The exhibition resists linear narration. Instead, it moves like a sound wave, ebbing and flowing through a constellation of works that oscillate between Guinean artistic traditions and contemporary European practices. Tapestries drift through space like suspended declarations, while sculptural interventions ground the viewer in the tactile immediacy of matter. The effect is not didactic but affective, inviting a slower, more attentive mode of looking.

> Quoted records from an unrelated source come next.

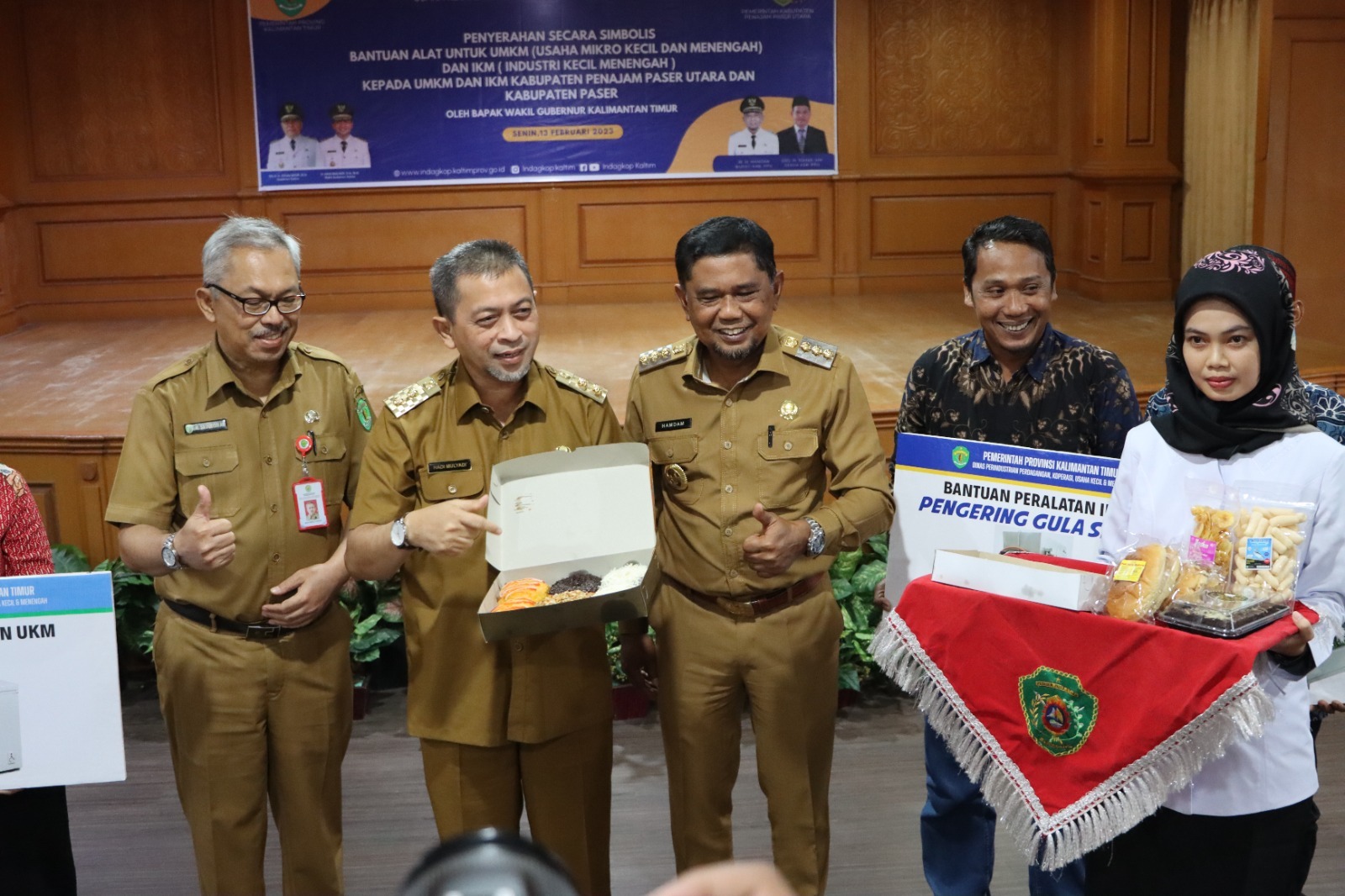 Insightkaltim.com, PENAJAM – Wakil Gubernur (Wagub) Kalimantan Timur (Kaltim), Hadi Mulyadi menyerahkan bantuan sebanyak 129 unit peralatan kepada 15 Usaha Mikro Kecil dan Menengah (UMKM) Penajam Paser Utara (PPU) dan 21 unit peralatan kepada 14 Industri Kecil Menengah (IKM) Penajam Paser Utara, dan 14 unit peralatan kepada 7 UMKM Paser. Penyerahan dilakukan secara simbolis di aula lantai I Kantor Bupati PPU, Senin (13/02/2023) siang.
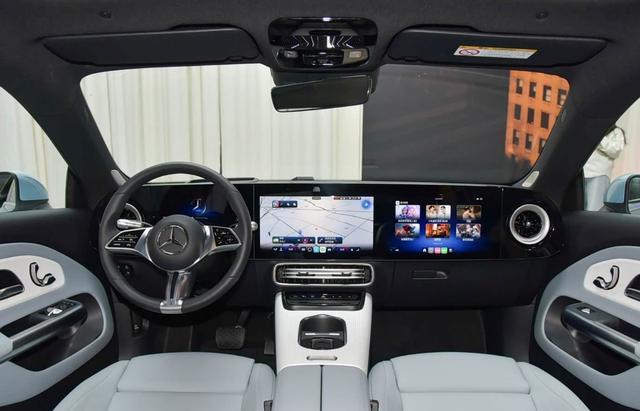 内饰上看,奔驰全新纯电CLA前排采用了三块一体式连屏,由10.25英寸液晶仪表+14.6英寸中控屏+14英寸副驾娱乐屏组成,算是把中国新势力的精髓学到家了。
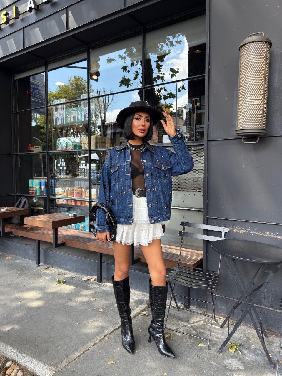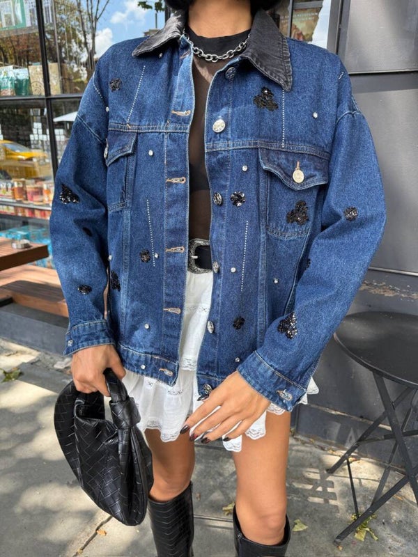 Kjo xhaketë xhins unike është një pjesë kryesore në gardërobën e çdo fashioniste që do të kombinojë stilin casual me një prekje glamour. E punuar nga denim cilësor në ngjyrë blue klasik, xhaketa dallohet për detajet dekorative me rruaza dhe aplikacione me shkëlqim, të shpërndara me kujdes në të gjithë sipërfaqen.Modeli i saj ka një prerje oversize që ofron rehati maksimale dhe një look modern, ndërsa jakë klasike dhe mbyllja me kopsa metalike i japin pamje autentike xhinsi. Xhepat e përparëm jo vetëm që shtojnë funksionalitet, por edhe theksojnë stilin urban të kësaj pjese.Kjo xhaketë është perfekte për t’u veshur mbi fustane romantike, funde me dantellë, apo kombinime me pantallona të ngushta për një kontrast interesant mes elegancës dhe casual chic. Mund të përdoret si pjesë e përditshme gjatë ditëve të freskëta, ose si aksesor i veçantë në daljet e mbrëmjes.
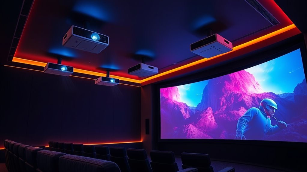 If you’re looking to elevate your home theater experience in 2025, I recommend the top five projectors that deliver true 4K quality with impressive features. From smart models with built-in apps and Dolby Audio to high-brightness options perfect for daytime viewing, these projectors offer excellent picture quality, ample connectivity, and easy setup. Keep exploring to find out which one suits your space best and transforms your movie nights into cinema-like moments.
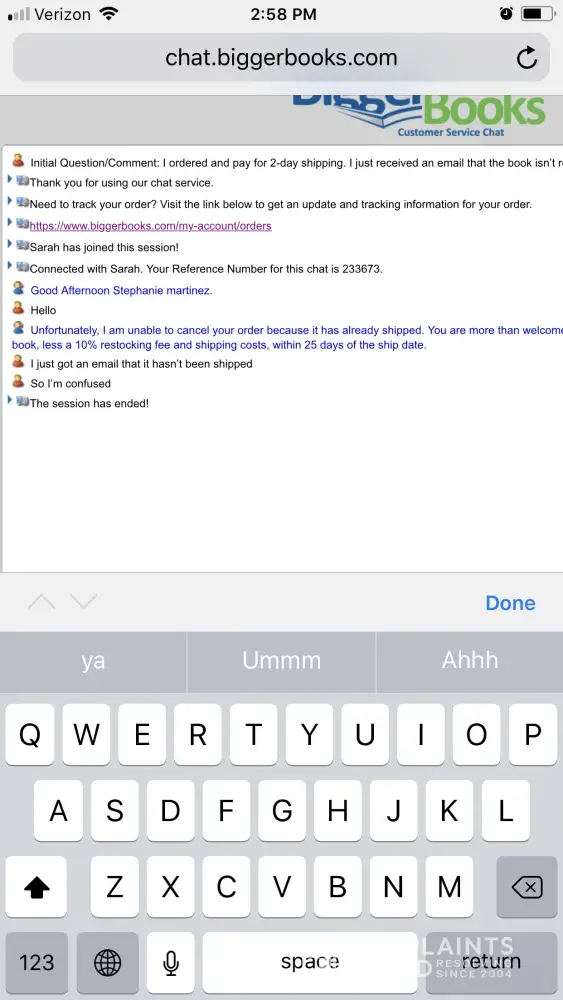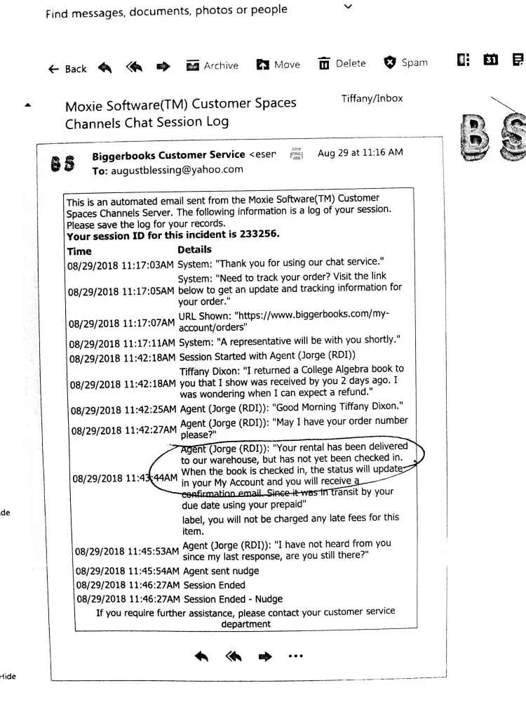 On 9/20/18 I noticed that on the BBB complaint I had sent against the company, a BiggerBooks.com rep commented that a check was going to be mailed to me.
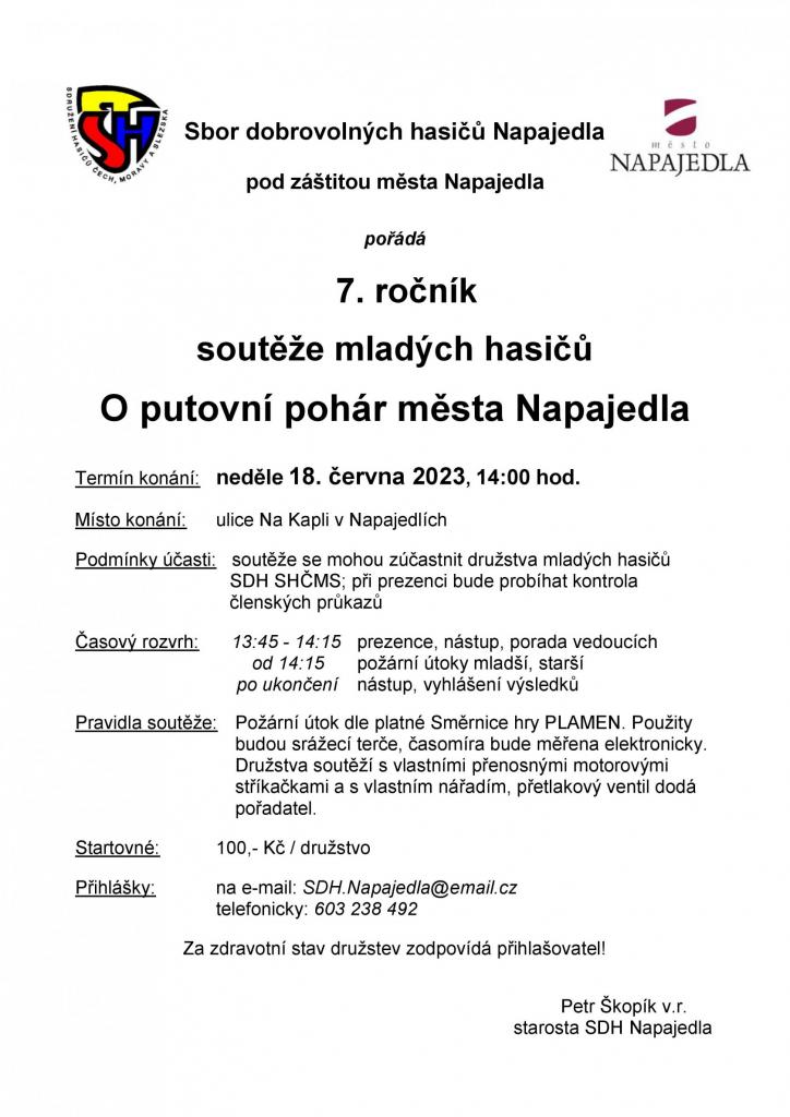V neděli 18. června 2023 od 14:00 hod. se v ulici Na Kapli koná 7. ročník soutěže mladých hasičů O putovní pohár města Napajedla
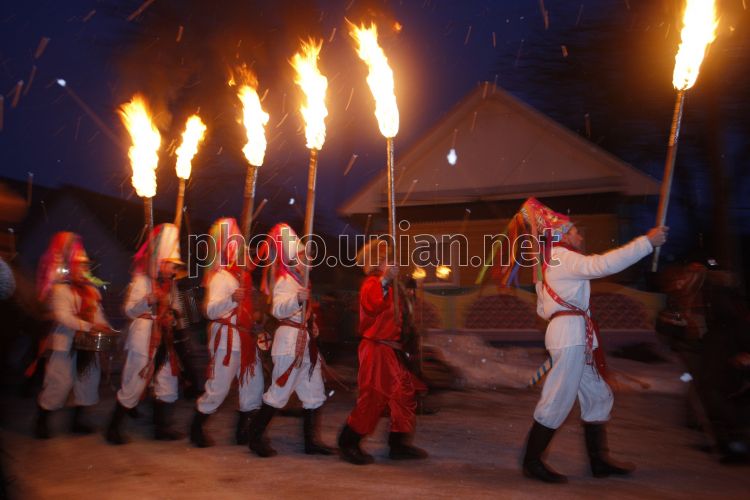 Ряженые участники колядного карнавала во время национального обряда ”Колядные цари” в деревне Семежево (Минская область, Беларусь), в четверг, 13 января 2011 г. Каждый год на Щедрый вечер в ночь с 13 на 14 января, группа из молодых мужчин – «царей» – с песнями и плясками проходят по деревне, посещают дома односельчан и разыгрывают действие о Царе Максимилиане. За это хозяева щедро одаривают гостей. Этот народный обряд зародился в XVIII веке, но сохранился только в деревне Семежево. В нём участвуют только молодые мужчины и юноши, которых и называют «царями». С наступлением темноты ”цари” зажигают факелы. Этот обряд входит в Список нематериального культурного наследия ЮНЕСКО. Фото Сергея Костина / УНИАН
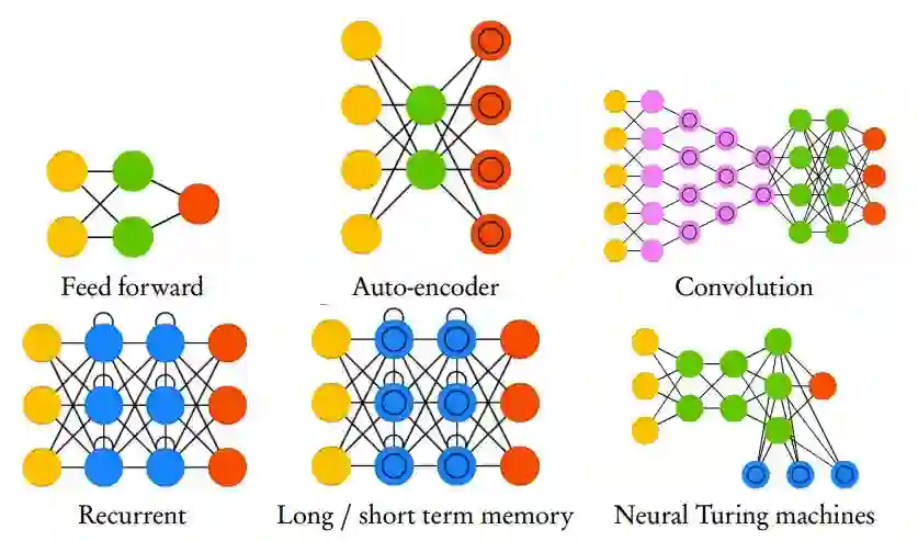 其中,图 1 展示了深度神经网络常用的架构,即前馈网络、自编码器、卷积网络、循环网络、长短期记忆和神经图灵机。一旦系统训练得出了一个高阶非零权重矩阵,其中就暗含了一个神经网络结构。
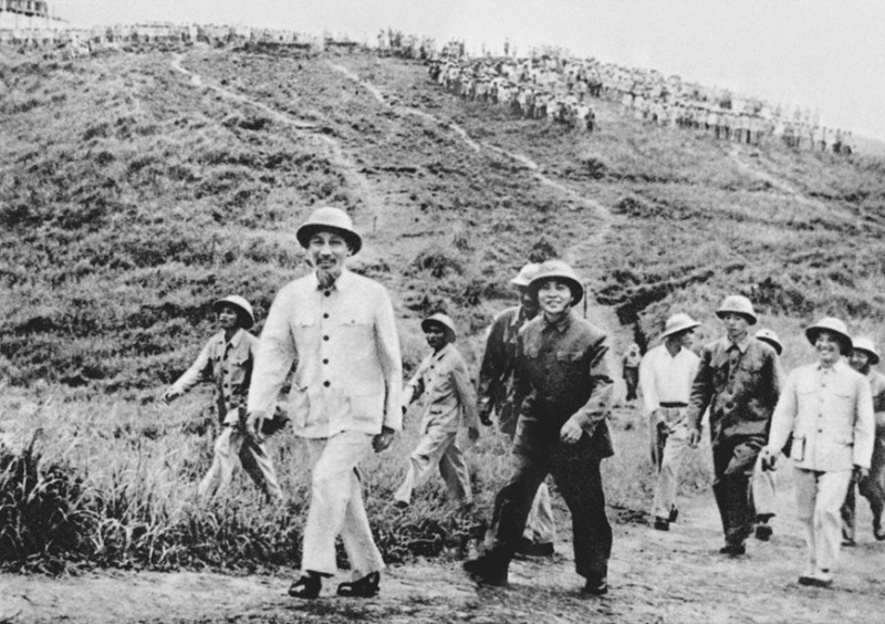 | Chủ tịch Hồ Chí Minh thăm bộ đội diễn tập năm 1957. Ảnh: hochiminh.vn. |
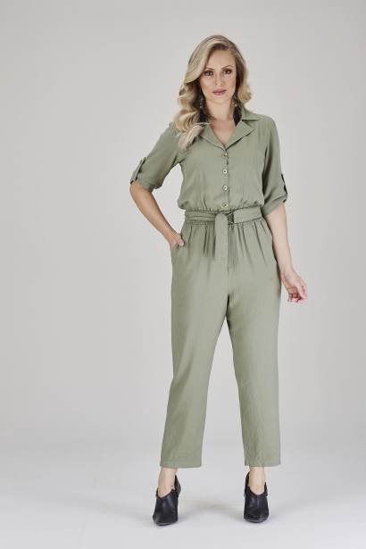Macacão Pantacourt Com Detalhe Em Aboatoamento Parte De Cima, Cós De Elástico Para Melhor Ajuste E Cinto Do Próprio Tecido Com Fivela De Metal. Detalhe Martingale Nas Mangas.
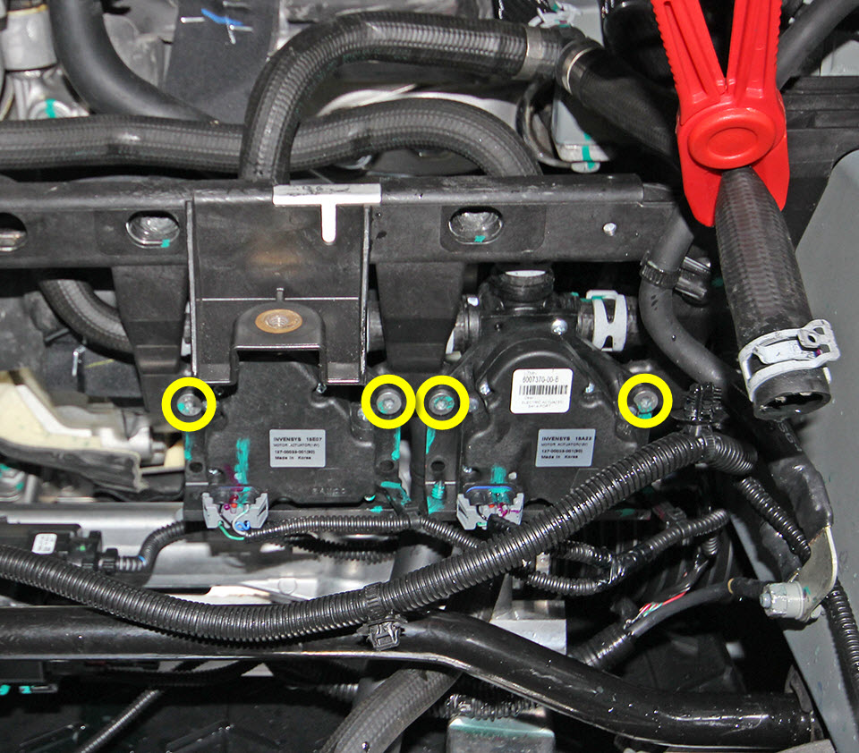 - Remove the bolts (x4) that secure the 3-way and 4-way valves to the plastic support beam (torque 5 Nm).
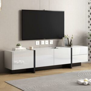 Aukfa TV Stand with 2 Drawers and 3 Big Cabinets for TVs up to 80″ – White
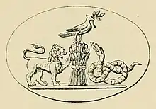 Late antique gem engraved with a wheatsheaf, on which is perched the Dove, placed between its enemies, the Lion and the Serpent = World and Devil.[1]
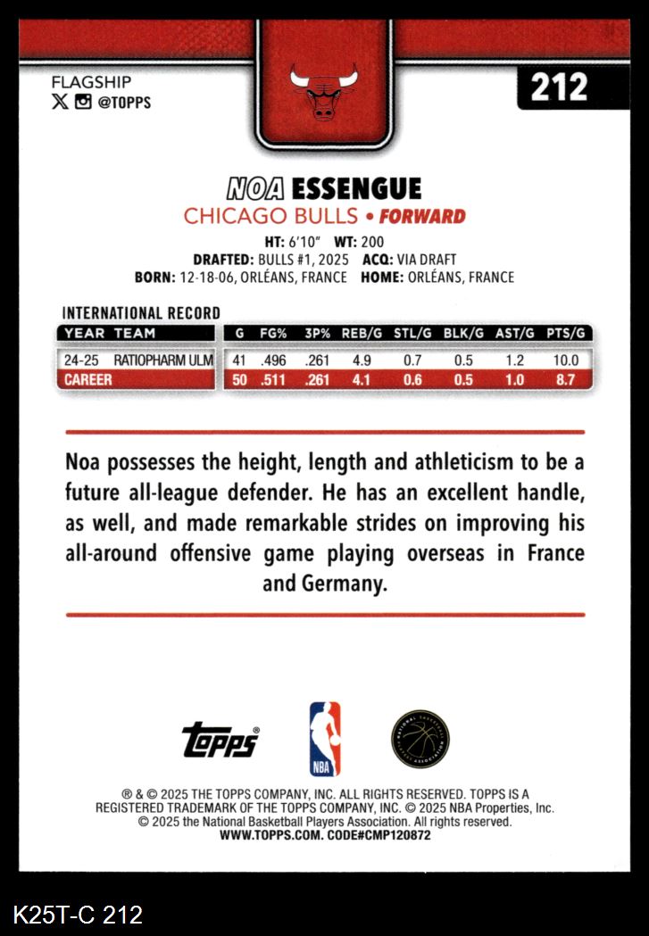 2025 Topps #212 Noa Essengue 8 - NM/MT
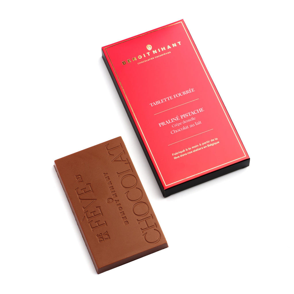 Tablette au chocolat au lait fourrée de praliné pistaches et crêpe dentelle
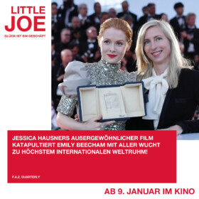 Hausner inszeniert eine kluge, bisweilen komische Metapher auf unsere Gesellschaft, die fast schon besessen nach dem eigenen, perfekten Glück strebt, ohne darauf zu achten, was sonst in unserer Welt passiert. Für ihre herausragende schauspielerische Leistung wurde Emily Beecham („Hail, Caesar!“, „Into the Badlands“) als Beste Darstellerin der Internationalen Filmfestspiele in Cannes 2019 ausgezeichnet. Ihr zur Seite stehen Ben Whishaw („James Bond 007: Spectre“, „The Lobster“), Kerry Fox („Intimacy“), Lindsay Duncan („Birdman“) und Nachwuchsstar Kit Connor („Rocketman“).

King Emmanuel, Comprendre le problème des autres.
Central to the pavilion is the idea of resonance. Not influence, not exchange, but resonance. This distinction is crucial. Guinean art, historically embedded in ritual and spiritual function, is not presented here as an ethnographic artefact or cultural reference point. It is instead positioned as an active, generative force that engages European sensibilities on equal terms. The dialogue that emerges is not without tension, but it is precisely within this friction that new meanings take shape.
The roster of artists is expansive, spanning Guinean voices such as Rougui Barry, Fatoumata Kouyaté and Sékou Oumar Thiam alongside a wide range of international practitioners. This multiplicity underscores the pavilion’s commitment to plurality, not as a curatorial gesture but as a lived reality. The works do not cohere into a singular narrative. Rather, they accumulate, layer and echo, forming what Stragapede describes as a narrative in a minor key.

Maurizio Vademarin
There is a politics to this minor key. In Kouoh’s framing, it gestures toward marginalised histories and quiet resistances. In the Guinean pavilion, it becomes a strategy of survival and transformation. The materials themselves carry this weight. Humble, often overlooked, they are reconfigured into vessels of memory. Wood, fabric, pigment and found elements are not merely aesthetic choices but carriers of histories that exceed the visual.
This material intelligence is inseparable from the broader context of Guinea’s cultural and economic positioning. The pavilion subtly gestures toward the Simandou 2040 strategic programme, a national vision for development and renewal. While not overtly foregrounded, this reference situates the exhibition within a larger narrative of rebirth. Art here is not detached from reality but entangled with it, offering a speculative space in which futures can be imagined differently.
What is striking is the pavilion’s refusal of spectacle. In a Biennale often marked by grand gestures and monumental installations, Guinea opts for intimacy. The viewer is not overwhelmed but drawn in, asked to listen rather than consume. This listening becomes a form of engagement, one that acknowledges the complexity of postcolonial identity without reducing it to a singular frame.

Cervellati Maurizio
The notion of the echo is particularly resonant. An echo is not an original sound, nor is it a mere repetition. It is a transformation, shaped by the environment through which it travels. In Le Son de l’Art, the echo becomes a metaphor for cultural transmission, for the ways in which histories reverberate across time and space. It is also a reminder that what we hear is always partial, always mediated.
As the Biennale unfolds, the Guinean pavilion stands as a compelling intervention. It does not seek to assert dominance or visibility in conventional terms. Instead, it offers a different kind of presence, one that is attuned to the nuances of silence and the power of the understated. In doing so, it expands the possibilities of what a national pavilion can be.
Guinea’s first appearance in Venice is therefore not just a milestone. It is a proposition. A call to reconsider how art speaks, how histories are held, and how voices emerge from the margins to reshape the centre.